◆ Directions for this task ◆
In the entries below, find the line with "Balon Kollu Tesettür" and the line with "Upgraded 110V AC". Repeat exactly everything between them, those two lines included, but not the pictures.

◆ Records for the exercise ◆
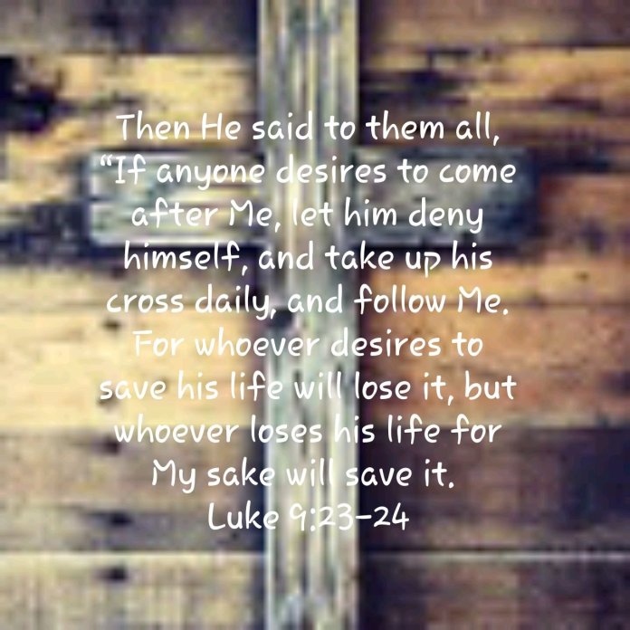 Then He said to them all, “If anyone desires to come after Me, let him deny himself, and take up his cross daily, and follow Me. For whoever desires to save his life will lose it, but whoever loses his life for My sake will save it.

==

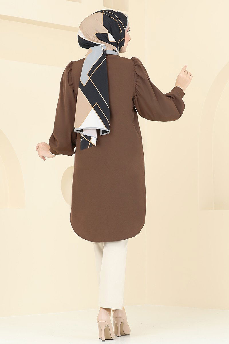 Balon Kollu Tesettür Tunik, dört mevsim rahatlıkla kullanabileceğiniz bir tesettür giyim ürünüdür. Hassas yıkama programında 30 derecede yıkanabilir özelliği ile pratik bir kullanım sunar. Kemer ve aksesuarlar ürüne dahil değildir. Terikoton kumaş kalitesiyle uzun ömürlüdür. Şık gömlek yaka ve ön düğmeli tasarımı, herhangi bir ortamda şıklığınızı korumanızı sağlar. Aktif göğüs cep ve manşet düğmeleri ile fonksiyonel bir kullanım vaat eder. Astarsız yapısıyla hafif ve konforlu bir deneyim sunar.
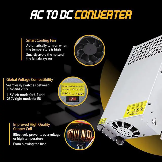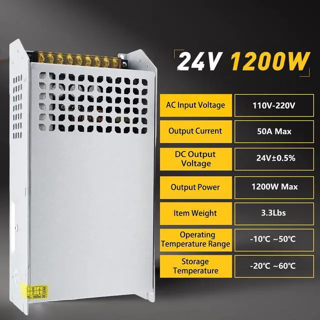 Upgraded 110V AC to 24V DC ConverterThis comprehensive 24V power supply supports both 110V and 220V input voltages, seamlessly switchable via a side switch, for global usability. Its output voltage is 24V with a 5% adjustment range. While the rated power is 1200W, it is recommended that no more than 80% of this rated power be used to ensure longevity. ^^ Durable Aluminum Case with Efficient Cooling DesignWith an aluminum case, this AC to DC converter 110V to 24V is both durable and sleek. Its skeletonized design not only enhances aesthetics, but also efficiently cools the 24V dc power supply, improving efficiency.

◆ Response ◆
 Balon Kollu Tesettür Tunik, dört mevsim rahatlıkla kullanabileceğiniz bir tesettür giyim ürünüdür. Hassas yıkama programında 30 derecede yıkanabilir özelliği ile pratik bir kullanım sunar. Kemer ve aksesuarlar ürüne dahil değildir. Terikoton kumaş kalitesiyle uzun ömürlüdür. Şık gömlek yaka ve ön düğmeli tasarımı, herhangi bir ortamda şıklığınızı korumanızı sağlar. Aktif göğüs cep ve manşet düğmeleri ile fonksiyonel bir kullanım vaat eder. Astarsız yapısıyla hafif ve konforlu bir deneyim sunar.
 Upgraded 110V AC to 24V DC ConverterThis comprehensive 24V power supply supports both 110V and 220V input voltages, seamlessly switchable via a side switch, for global usability. Its output voltage is 24V with a 5% adjustment range. While the rated power is 1200W, it is recommended that no more than 80% of this rated power be used to ensure longevity. ^^ Durable Aluminum Case with Efficient Cooling DesignWith an aluminum case, this AC to DC converter 110V to 24V is both durable and sleek. Its skeletonized design not only enhances aesthetics, but also efficiently cools the 24V dc power supply, improving efficiency.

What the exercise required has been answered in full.